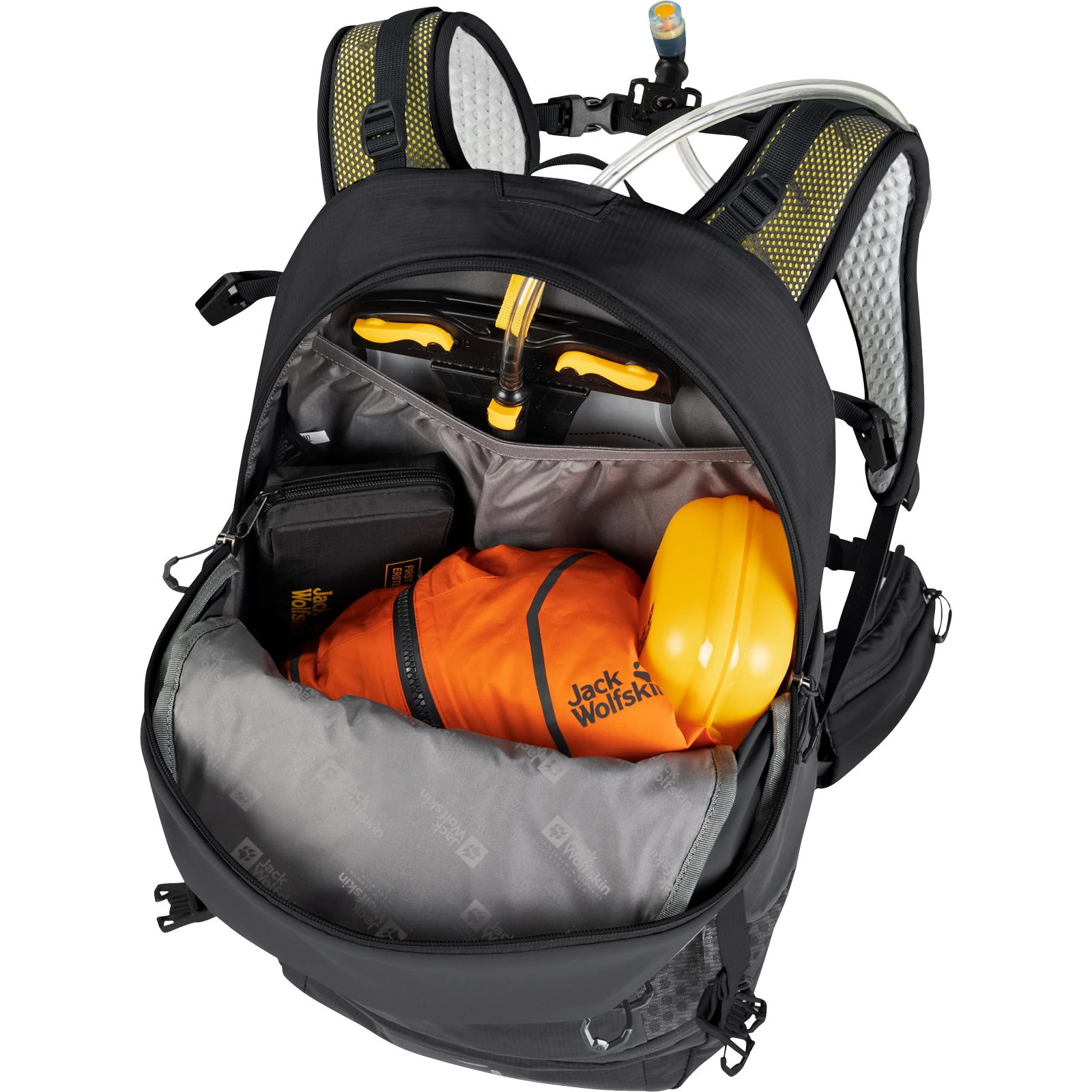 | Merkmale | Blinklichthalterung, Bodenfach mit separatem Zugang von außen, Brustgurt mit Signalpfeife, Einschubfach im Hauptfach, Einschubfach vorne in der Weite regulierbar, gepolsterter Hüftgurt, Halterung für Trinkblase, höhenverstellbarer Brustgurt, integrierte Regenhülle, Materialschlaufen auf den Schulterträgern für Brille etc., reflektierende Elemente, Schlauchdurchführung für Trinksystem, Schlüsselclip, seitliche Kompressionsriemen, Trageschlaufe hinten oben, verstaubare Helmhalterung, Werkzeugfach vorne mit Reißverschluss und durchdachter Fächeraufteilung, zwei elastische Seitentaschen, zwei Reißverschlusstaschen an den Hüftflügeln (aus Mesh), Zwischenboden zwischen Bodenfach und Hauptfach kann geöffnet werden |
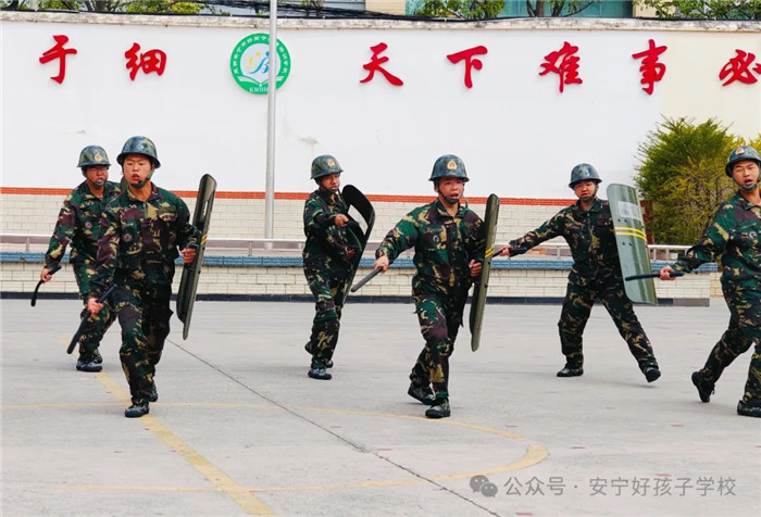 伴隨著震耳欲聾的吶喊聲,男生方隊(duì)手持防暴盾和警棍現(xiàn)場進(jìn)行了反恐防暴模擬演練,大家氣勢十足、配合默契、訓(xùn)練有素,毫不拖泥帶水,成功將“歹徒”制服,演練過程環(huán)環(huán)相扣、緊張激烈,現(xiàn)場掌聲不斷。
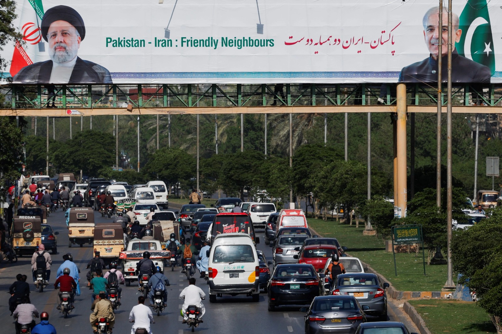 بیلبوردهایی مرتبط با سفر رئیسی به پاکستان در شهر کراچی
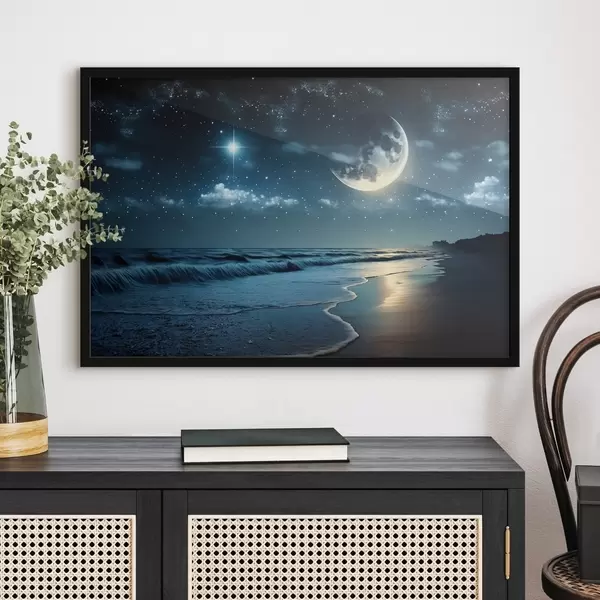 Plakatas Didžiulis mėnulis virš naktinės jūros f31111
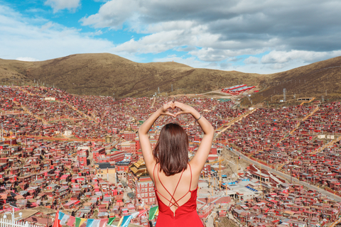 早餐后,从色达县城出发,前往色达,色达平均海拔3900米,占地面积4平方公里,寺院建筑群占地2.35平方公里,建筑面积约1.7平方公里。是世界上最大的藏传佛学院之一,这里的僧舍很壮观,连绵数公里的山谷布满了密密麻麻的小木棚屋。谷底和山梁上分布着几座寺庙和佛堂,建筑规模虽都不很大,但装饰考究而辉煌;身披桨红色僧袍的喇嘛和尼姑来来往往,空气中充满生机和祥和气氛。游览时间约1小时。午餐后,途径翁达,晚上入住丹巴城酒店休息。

■ ■ ■ ■ ■

* [Exercise] Exclude all pictures and reproduce verbatim the lines running from the line that contains "Plakatas Didžiulis mėnulis" to the end of the data above, both ends included.

* [Reply to the task]
 Plakatas Didžiulis mėnulis virš naktinės jūros f31111
 早餐后,从色达县城出发,前往色达,色达平均海拔3900米,占地面积4平方公里,寺院建筑群占地2.35平方公里,建筑面积约1.7平方公里。是世界上最大的藏传佛学院之一,这里的僧舍很壮观,连绵数公里的山谷布满了密密麻麻的小木棚屋。谷底和山梁上分布着几座寺庙和佛堂,建筑规模虽都不很大,但装饰考究而辉煌;身披桨红色僧袍的喇嘛和尼姑来来往往,空气中充满生机和祥和气氛。游览时间约1小时。午餐后,途径翁达,晚上入住丹巴城酒店休息。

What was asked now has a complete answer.